Normal Life encourages us to imagine and organize for queer futures that reject the restrictive vision of legal reforms that would exchange the incorporation of a sliver of trans people while consigning the rest to abandonment. At a time in which gay marriage is promoted as the last remaining civil rights issue, Normal Life insists that a properly queer agenda would not exclude anyone and would work for a world without prisons or borders or poverty. Against lobbying campaigns that insist that assimilation into the ever more quickly diminishing middle class is the only available channel for activism, Dean Spade reminds us that what’s really queer is to give away money.
 

Charles Gordon is a Ph.D. student in Comparative Literature at UC Irvine. He is currently completing a dissertation on Shakespeare’s architectural imaginary entitled “Shakespeare’s Landscape Futures.” He has published articles on Shakespeare and design as well as medieval host desecration narratives.
 

 

Footnotes

 
1. Important recent texts engaging with queer futurity include Jasbir Puar, Terrorist Assemblages: Homonationalism in Queer Times (Durham: Duke UP, 2007); José Muñoz, Cruising Utopia: The Then and There of Queer Futurity (New York: NYU UP, 2009; Jack Halberstam, In a Queer Time and Place: Transgender Bodies, Subcultural Lives (New York: NYU UP, 2005); Elizabeth Freeman, Time Binds: Queer Temporalities, Queer Histories (Durham: Duke UP, 2010).

 

 

2. On the new homonormativity, see Duggan (50).

 

3. Mae Ngai describes the illegal alien as an “impossible subject” for the modern state, “a person who cannot be and a problem that cannot be solved” (5).

 

4. Spade writes elsewhere with an explicitly biopolitical framework (Spade and Willse).

 

Works Cited

 

  • Duggan, Lisa.

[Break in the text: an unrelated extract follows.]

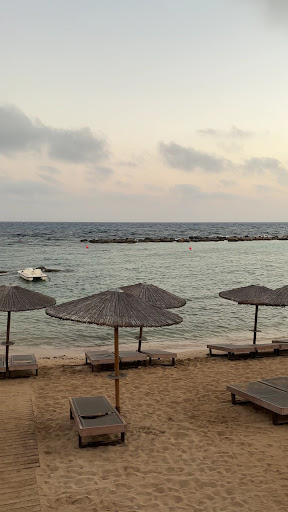 It’s not so easy to get to the beach, but it’s worth a visit. If you come from Aiya Napa, pass the hotel located on the beach (use Google maps for orientation) and take the next possible road to right. There is a kind of wild parking and after 5 minutes walk, you will get to the beach. Next to the hotel beach is the public beach. The water is clear and the beach is a mix of sandy and rocky beach. You might need beach shoes, I didn’t needed them. The hotel has a nice bar restaurant where also visitors are welcome to order pizza for takeaway. The pizza was really delicious, very good dough and nice combinations. The beach has shower and a lifeguard. The sunbeds and umbrellas were unfortunately not available, we were there on a working...

Twilight of Equality? Neoliberalism, Cultural Politics, and the Attack on Democracy. Boston: Beacon, 2003. Print.
  • Edelman, Lee. No Future: Queer Theory and the Death Drive. Durham: Duke UP, 2004. Print.
  • Ngai, Mae. Impossible Subjects: Illegal Aliens and the Making of America. Princeton: Princeton UP, 2004. Print.
  • Spade Dean and Craig Willse. “Freedom in a Regulatory State? Lawrence, Marriage and Biopolitics.” Widener Law Review 11.2 (2004): 309-329. Print.